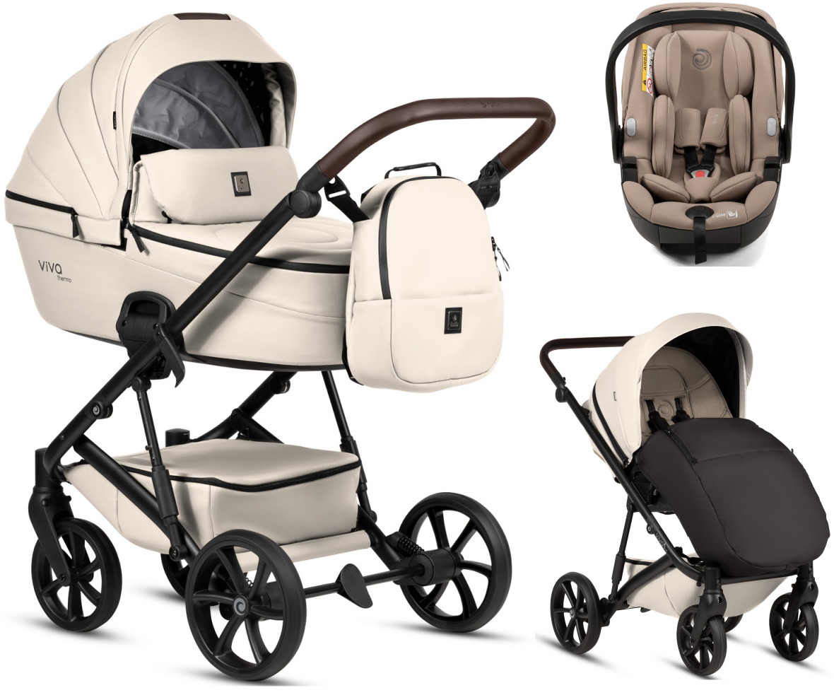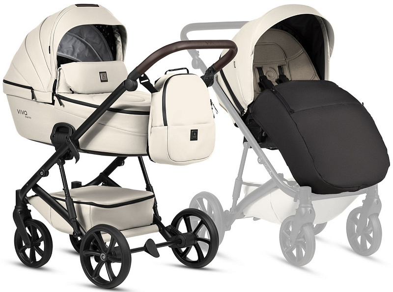 Детская коляска Tutis Viva 6 Plus Leather 3 в 1 с автокреслом Beno Beige 1612086 Vanilla
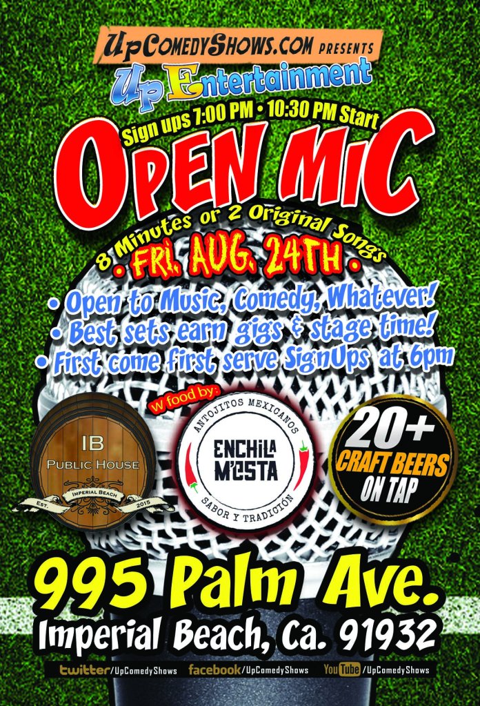 • Email UpComedyShows@Gmail.com to reserve a spot and coordinate if you are a musician, band or other types of communication needed with audio techs. Sign ups start at 7 pm, Open Mic Starts after IB Comedy Show.
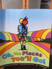 I purchased several water vials and wrote friends names on them. They will hold a rose on the Cal Poly float –Tuxedo Air. It’s theme is from the movie Madagascar — teaching penguins to fly! It’s a cute float!! Look for it. It is toward the end of the parade. It will be after The City of Hope float- the Journey to Cure. For those of you who know folks in South Dakota, the Sioux Falls Lincoln Patriot marching band will be right after the City of Los Angeles float. ( we have friends whose daughter is marching in that band!)

####################

§ **EXERCISE BRIEF**:
Please output exactly the lines of the data above, from its first line through the line with "IB Comedy Show.", and nothing else; drop the pictures.

§ **FINISHED TASK**:
 Детская коляска Tutis Viva 6 Plus Leather 3 в 1 с автокреслом Beno Beige 1612086 Vanilla
 • Email UpComedyShows@Gmail.com to reserve a spot and coordinate if you are a musician, band or other types of communication needed with audio techs. Sign ups start at 7 pm, Open Mic Starts after IB Comedy Show.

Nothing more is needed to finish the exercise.